Appeal from a decision of the Workers’ Compensation Board, filed March 23, 2001, which ruled that claimant was an employee of UTOG 2-Way Radio, Inc.
Claimant, a limousine driver, leased the vehicle he used from Augie’s Auto Repair, Inc. (hereinafter Augie) and was dispatched to service customers by UTOG 2-Way Radio, Inc. (hereinafter UTOG). While stopped to elicit directions during the course of his work, he was assaulted and, as the vehicle was being stolen, he was dragged from the moving vehicle. He sustained serious injuries in the incident and filed a claim for workers’ compensation benefits. The Workers’ Compensation Law Judge (hereinafter WCLJ) determined that claimant was a general employee of Augie and a special employee of UTOG. Liability was apportioned at 75% against Augie and 25% against UTOG.1 The Workers’ Compensation Board modified the WCLJ’s decision by rescinding the finding of general and special employment and further finding that claimant was an employee of only UTOG. The Board’s decision to discharge Augie was specifically premised upon its interpretation of Workers’ Compensation Law § 2 (4) as requiring that “a lessee of a taxicab shall only be deemed an employee of the lessor/owner of that taxicab if the lessor/owner controls, directs, supervises or has the power to hire or terminate such person.” UTOG and its workers’ compensation carrier appeal.

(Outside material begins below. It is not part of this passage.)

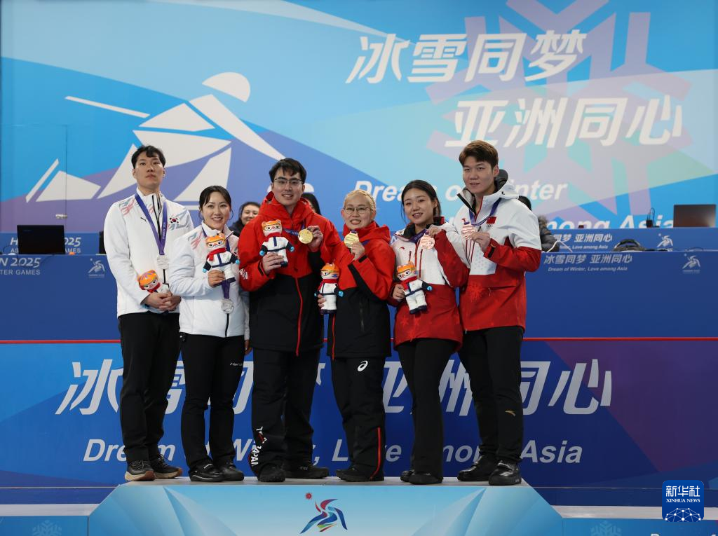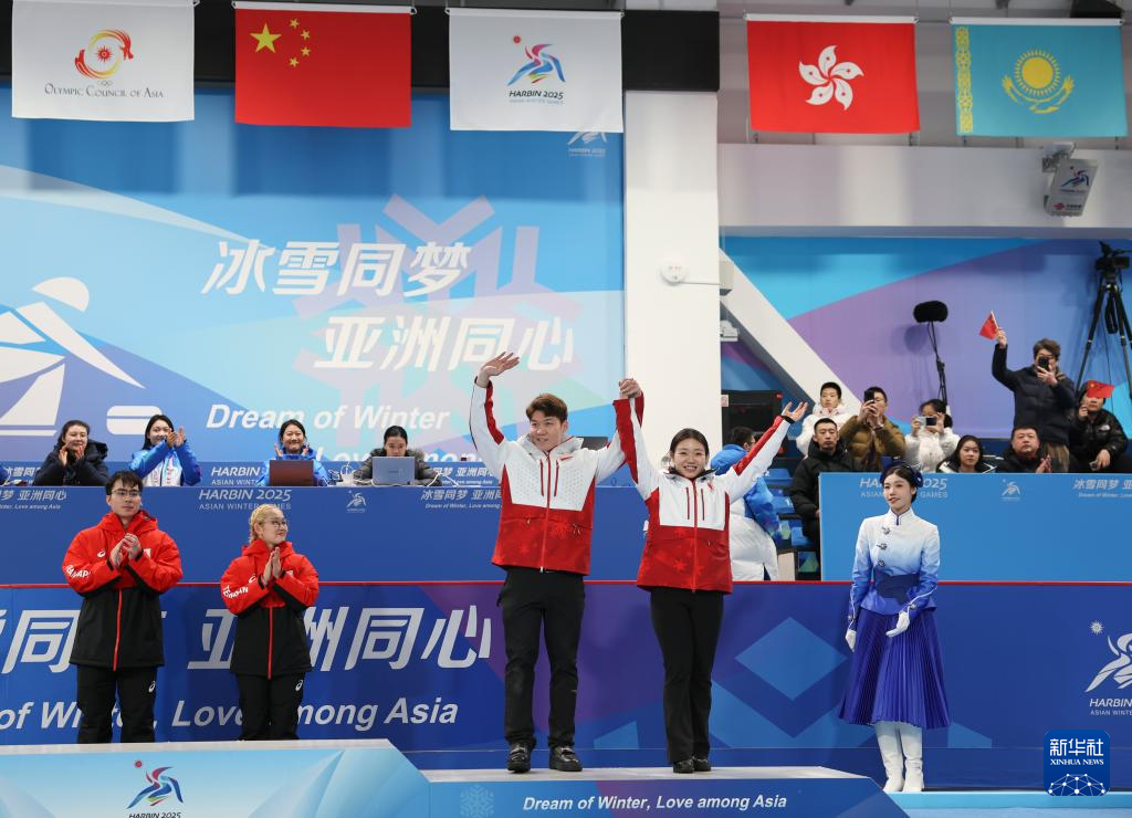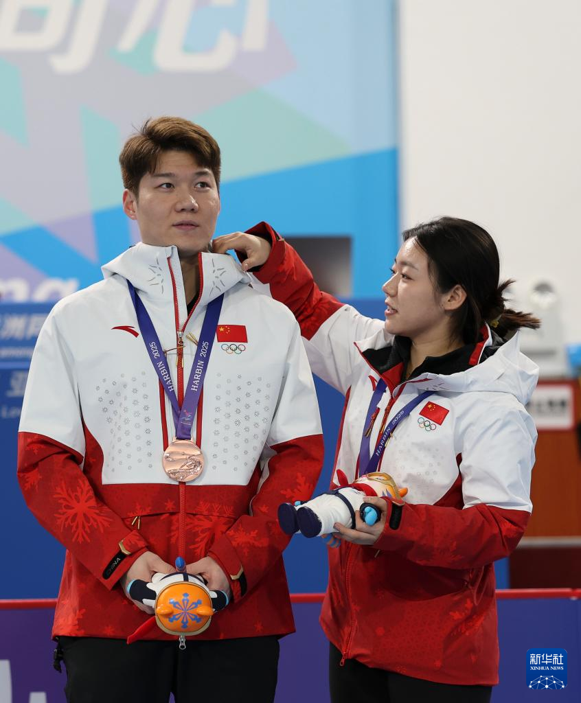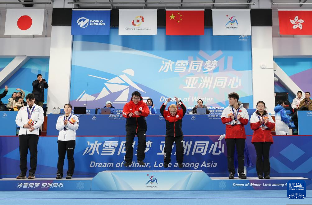 当日,第九届亚冬会冰壶混双项目颁奖仪式在哈尔滨举行。日本队获得金牌,韩国队获得银牌,中国队获得铜牌。

*678UTOG and its carrier argue that the Board’s decision incorrectly interpreted and applied the provisions of the Workers’ Compensation Law pertaining to taxicab drivers.2 The employment relationship as it pertains to taxicab drivers was broadly defined in legislation (L 1986, ch 903) “designed to resolve a perceived social problem relating to taxicab drivers by creating a statutory employment relationship requiring expanded workers’ compensation coverage” (Matter of Clumber Transp. Corp. [Workers’ Compensation Bd.], 160 AD2d 1186, 1186). Under the germane portion of the statute, an “employer” includes a person or entity who leases a taxicab (see Workers’ Compensation Law § 2 [3]) and, concomitantly, an “employee” includes “a driver, operator or lessee who contracts with an owner, operator or lessor for the purpose of operating a taxicab” (Workers’ Compensation Law § 2 [4]). An exception from the statutorily established employment relationship applies when the owner of the vehicle personally operates the taxicab an average of at least 40 hours per week and, in such a situation, the employment relationship turns on whether the owner-operator “controls, directs, supervises, or has the power to hire or terminate” (Workers’ Compensation Law § 2 [3], [4]). The statutory language clearly reflects the legislative intent to provide broad workers’ compensation coverage to taxicab drivers and there is no need to defer to the Board’s interpretation (see Matter of De Mayo v Rensselaer Polytech Inst., 74 NY2d 459, 462; see also Majewski v Broadalbin-Perth Cent. School Dist., 91 NY2d 577, 583; Matter of Depczynski v Adsco / Farrar & Trefts, 84 NY2d 593, 598).3
Here, the Board read the statute as providing that a driver who leased a taxicab was an employee only if the owner controlled the driver’s work. The statutory language, however, looks to control-related factors only when the owner also drives the taxicab 40 or more hours per week. The Board did not find that Augie drove the limousine 40 or more hours per week. Hence, under the clear statutory language, claimant could have been considered am employee of Augie without a showing of the control-related factors. While the employer-employee relationship is a factual issue for the Board (see Matter of Jhoda v *679Mauser Serv., 279 AD2d 853, 854) and the Board can allocate employment status totally to the dispatcher in a leased-vehicle situation (see Matter of Qavi v Utog 2-Way Radio, 252 AD2d 719), the Board cannot rest its determination to discharge a lessor upon an incorrect application of the controlling statute. The matter must, therefore, be remitted to the Board for a determination consistent with the controlling statute.
Mercure, J.P., Crew III, Spain and Kane, JJ., concur. Ordered that the decision is reversed, on the law, without costs, and matter remitted to the Workers’ Compensation Board for further proceedings not inconsistent with this Court’s decision.
. Apportioning responsibility between a general employer and a special employer has been approved within the context of a workers’ compensation claim (see Matter of Kemp v City of Hornell, 250 AD2d 950).
. The term “taxicab” in Workers’ Compensation Law § 2 (3) and (4) incorporates the definition from Vehicle and Traffic Law § 148-a, and the parties do not dispute that such definition encompasses claimant’s activities as a limousine driver.
. Indeed, the interpretation of the statute adopted by the Board and accepted by this Court in Matter of Clumber Transp. Corp. (Workers’ Compensation Bd.) (supra) appears contrary to the interpretation utilized by the Board in the current matter.